Input records:
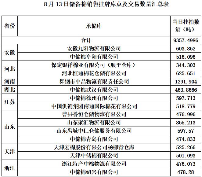 1、8月13日上市銷(xiāo)售儲(chǔ)備棉數(shù)據(jù)明細(xì)表(包包檢)
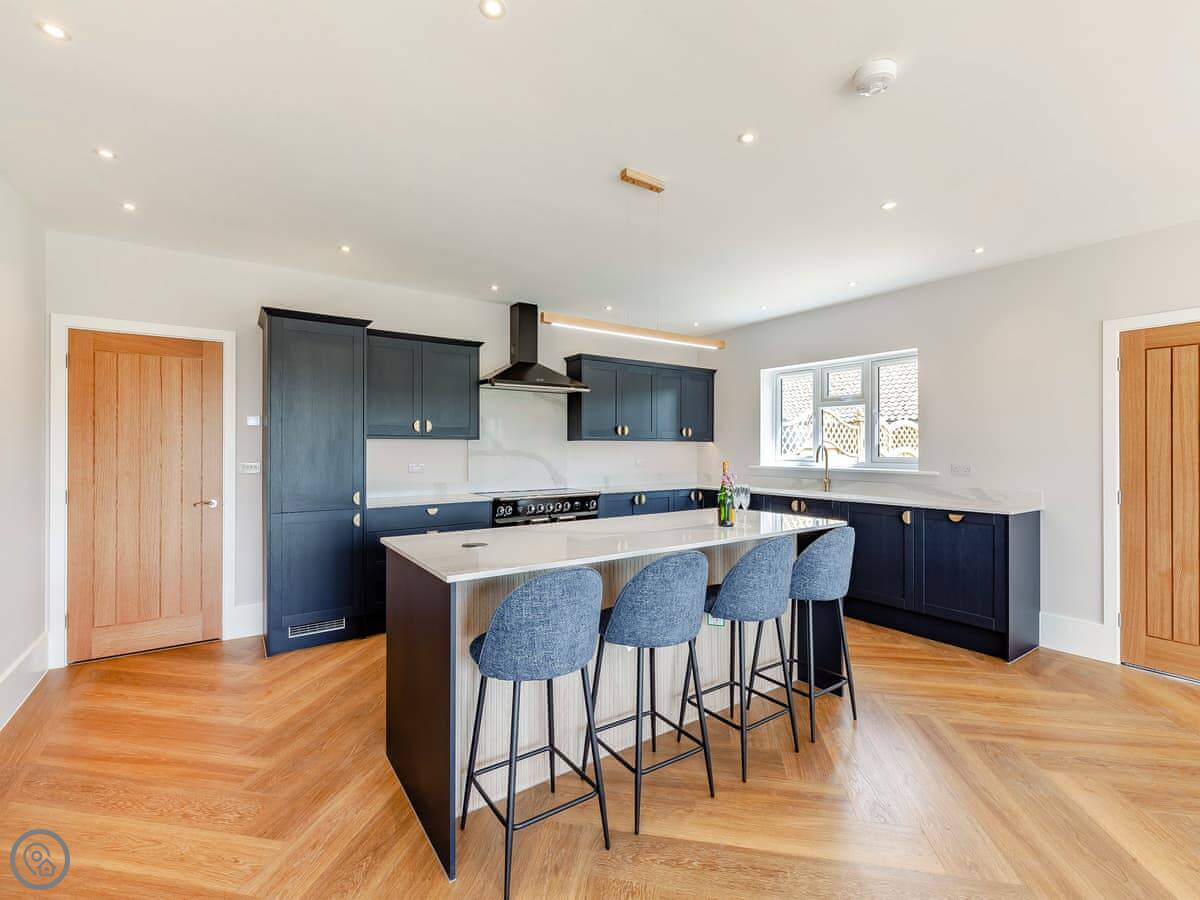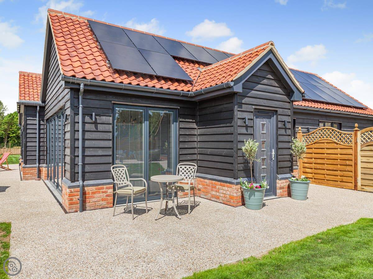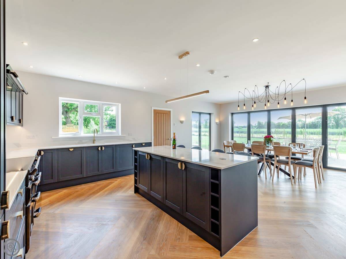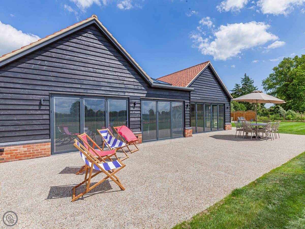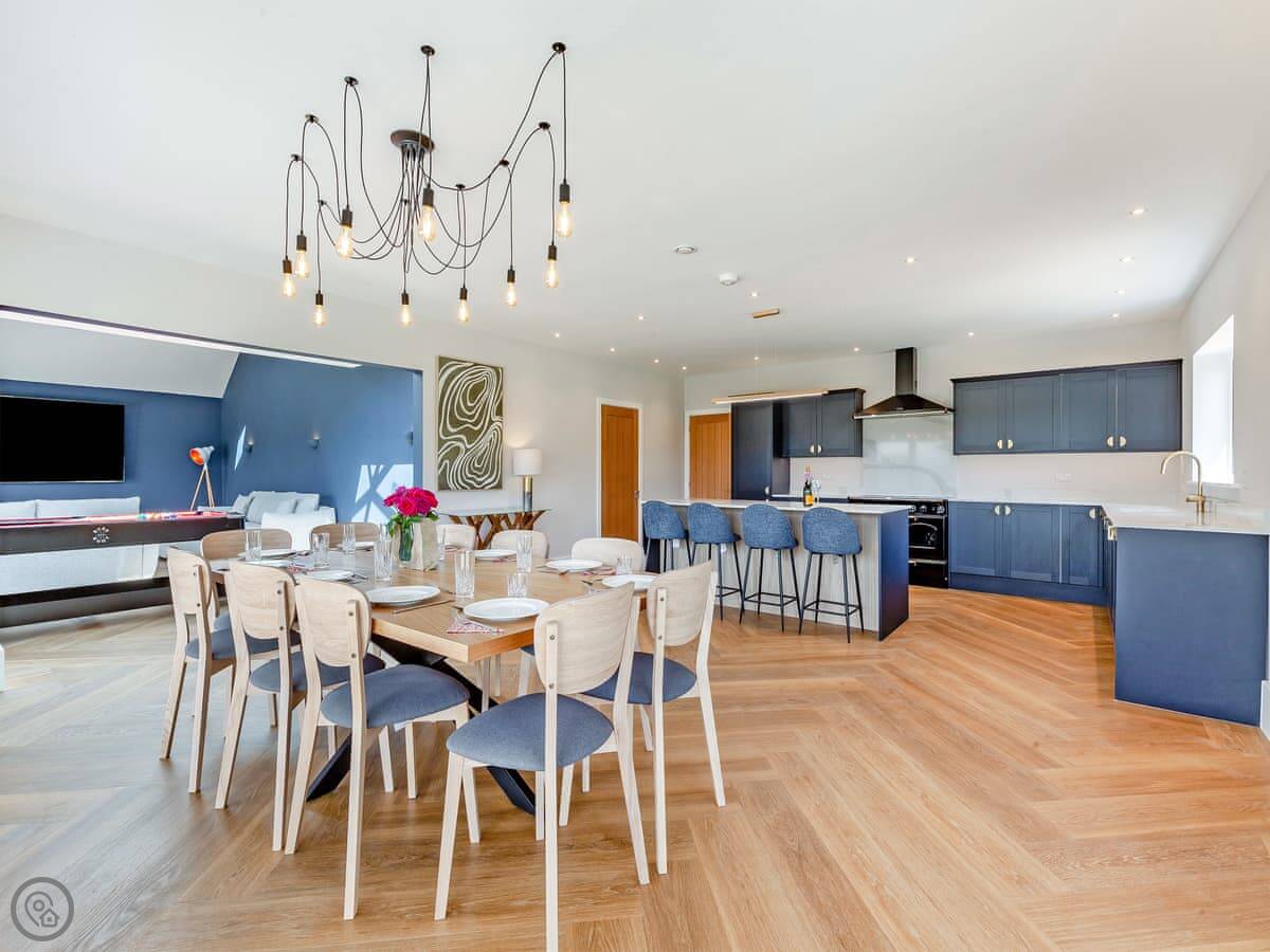 It's got a 5 Star rating. It's a high-spec place. The main living area has a vaulted ceiling and big bifold doors that open to the garden. The kitchen is well equipped. There's a separate games barn with table tennis.
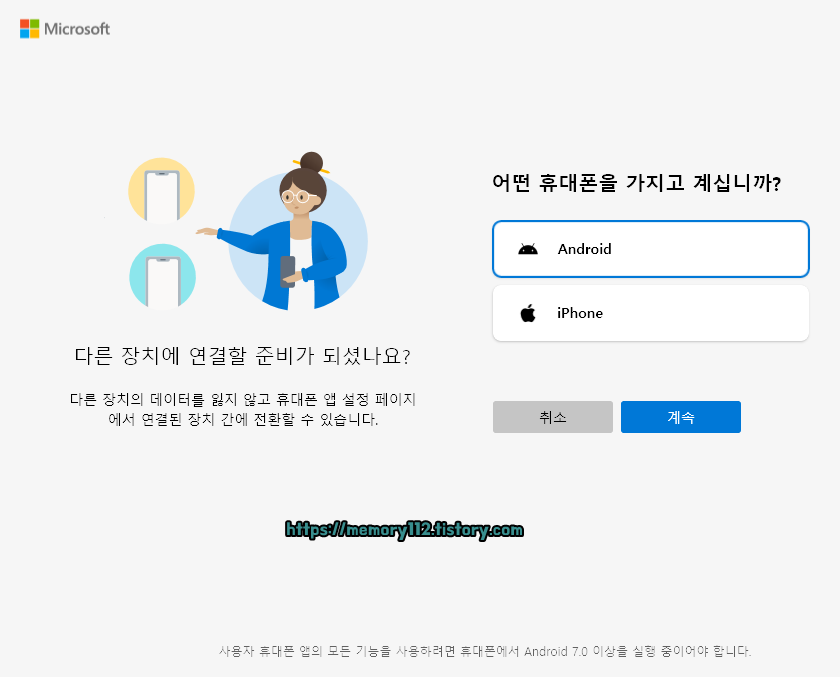 본인 휴대폰이 안드로이드폰인지 아이폰인지 선택한 후, 계속 버튼을 눌러줍니다.
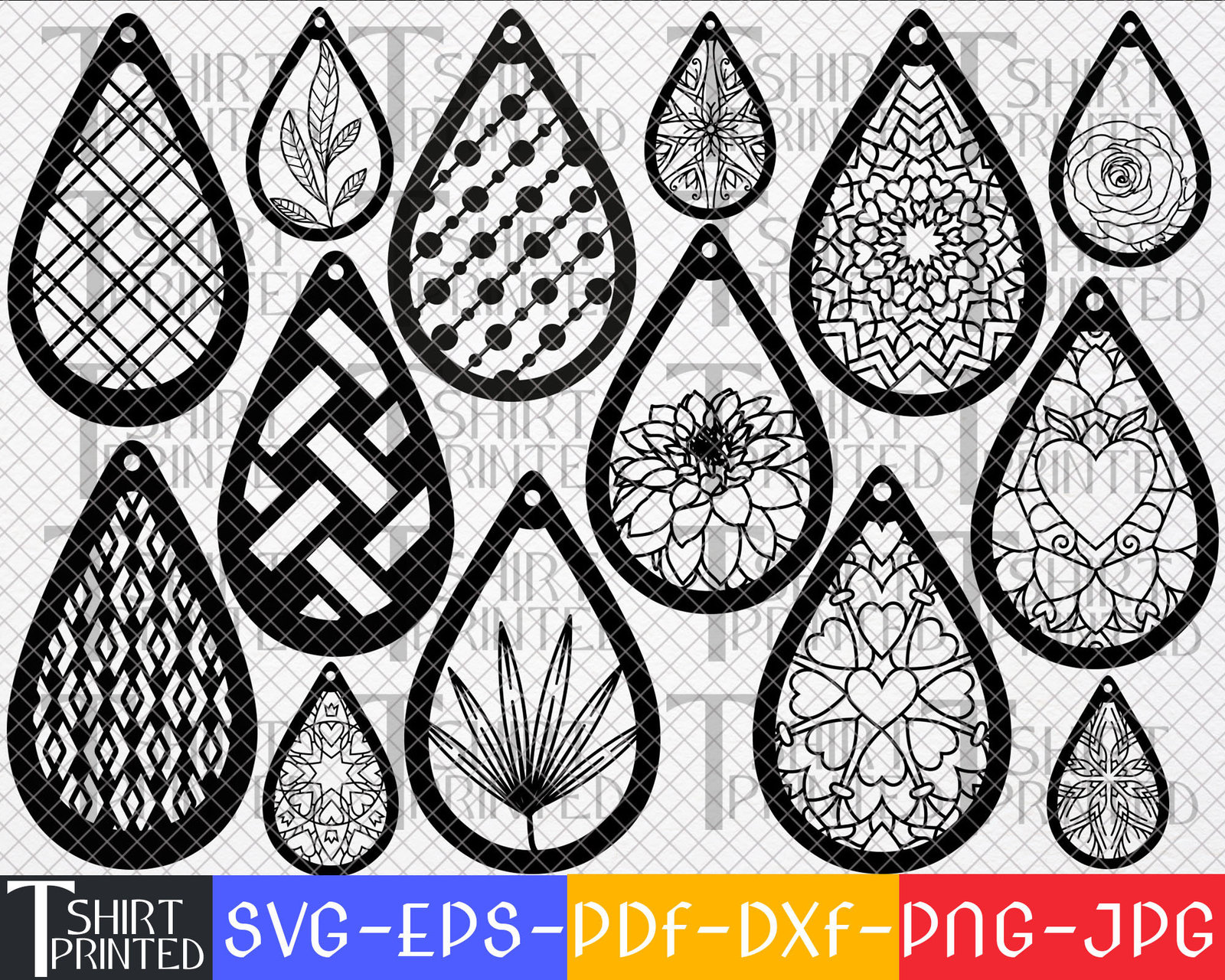 Svg And Dxf Digital File Contains Earring Svg Bundle, Earring Template Svg, Leather Earrings Svg, Teardrop Svg Bundle For Use With Cricut And Silhouette Systems.
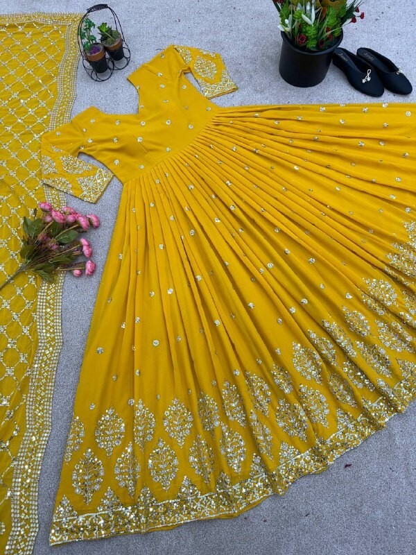 как выглядит YELLOW COLOR FAUX GEORGETTE GOWN WITH DESIGNER DUPATTA FOR WEDDING WEAR фото
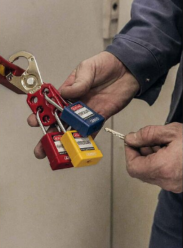Mit der Hauptschalter-Verriegelung von ABUS können Sie sicher und zuverlässig Hauptschalter im Wartungsfall sichern. Die hochwertige Verriegelung eignet sich besonders gut, wenn mehr als nur ein Einhängepunkt erforderlich ist. Zusätzlich kann die Hauptschalter-Verriegelung mit bis zu sechs Vorhangschlössern vor unbefugtem Zugriff geschützt werden. Bei beispielsweise Arbeiten an einer Maschine bleibt die Anlage so lange verriegelt, bis auch das letzte Vorhangschloss entfernt ist
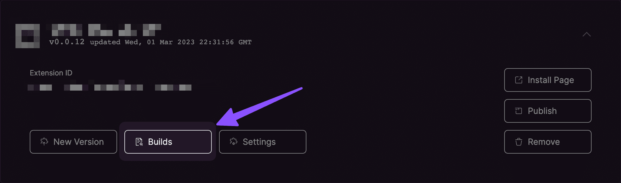 Once you've linked your extension to GitHub, you can view the build history and logs for your extension.
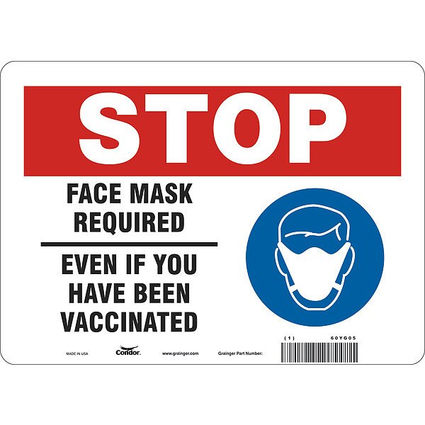 SKU G400460944Categories SafetyDescription Facemask Reminder Safety Sign, Height 10 in, Width 14 in, Sign Material Aluminum, Header Stop, Legend Face Mask Required Even If You Have Been Vaccinated, Printed Language EnglishgraingerSKU: , mscSKU: , zoro_no: G400460944, mongo_id: 65bbea2822d7a989a999a231
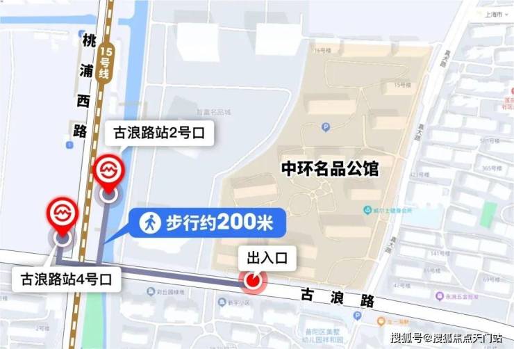15号线北接顾村公园,南接长风、天山、古北、吴泾等产业区,同时能与11、13、14多条线路换乘,是一条南北向高能级动脉。从项目南门出发,步行至15号线古浪路站仅约200米,是当下少有正宗地铁新房!
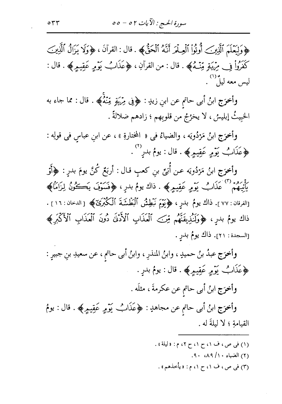 وأخرج البيهقي في "سُنَنِه" عن محمد بن زيد بن عبد الله بن عمر قال : قرأ عمر بن الخطاب هذه الآية {وما جعل عليكم في الدين من حرج} ثم قال : ادعوا لي رجلا من بني مدلج ، قال عمر : ما الحرج فيكم قال : الضيق.
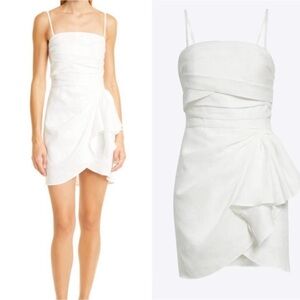 Turn heads in this elegant floral jacquard minidress crafted in a gracefully pleated, draped silhouette for chic style. Tiny dot by bow sewing! Stunning statement piece for Bridal, Bride, Engagement, Elopement, Wedding
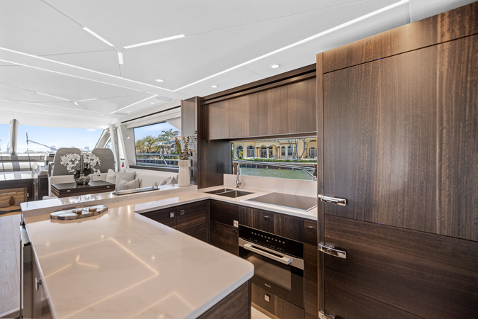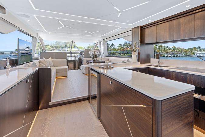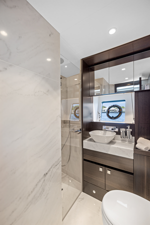 The fully-equipped aft galley with a large dinette links seamlessly to the cockpit via full-width sliding doors, helping to bring everyone together. The innovative design layout allows yachting owners to welcome guests with a strong focus on ambient lighting and interior detailing. Access to the spacious guest and master cabins is via the lower helm and elevated companion seating. The interiors boast exquisite attention to detail with a new palate of upholstery that provides a cool, crisp, and contemporary look, unmistakably a Manhattan.

Instructions to follow:
Output the data above exactly, beginning at its first line and ending with the line that holds "как выглядит YELLOW". Leave out the pictures and add nothing.

Answer space:
 1、8月13日上市銷(xiāo)售儲(chǔ)備棉數(shù)據(jù)明細(xì)表(包包檢)
 It's got a 5 Star rating. It's a high-spec place. The main living area has a vaulted ceiling and big bifold doors that open to the garden. The kitchen is well equipped. There's a separate games barn with table tennis.
 본인 휴대폰이 안드로이드폰인지 아이폰인지 선택한 후, 계속 버튼을 눌러줍니다.
 Svg And Dxf Digital File Contains Earring Svg Bundle, Earring Template Svg, Leather Earrings Svg, Teardrop Svg Bundle For Use With Cricut And Silhouette Systems.
 как выглядит YELLOW COLOR FAUX GEORGETTE GOWN WITH DESIGNER DUPATTA FOR WEDDING WEAR фото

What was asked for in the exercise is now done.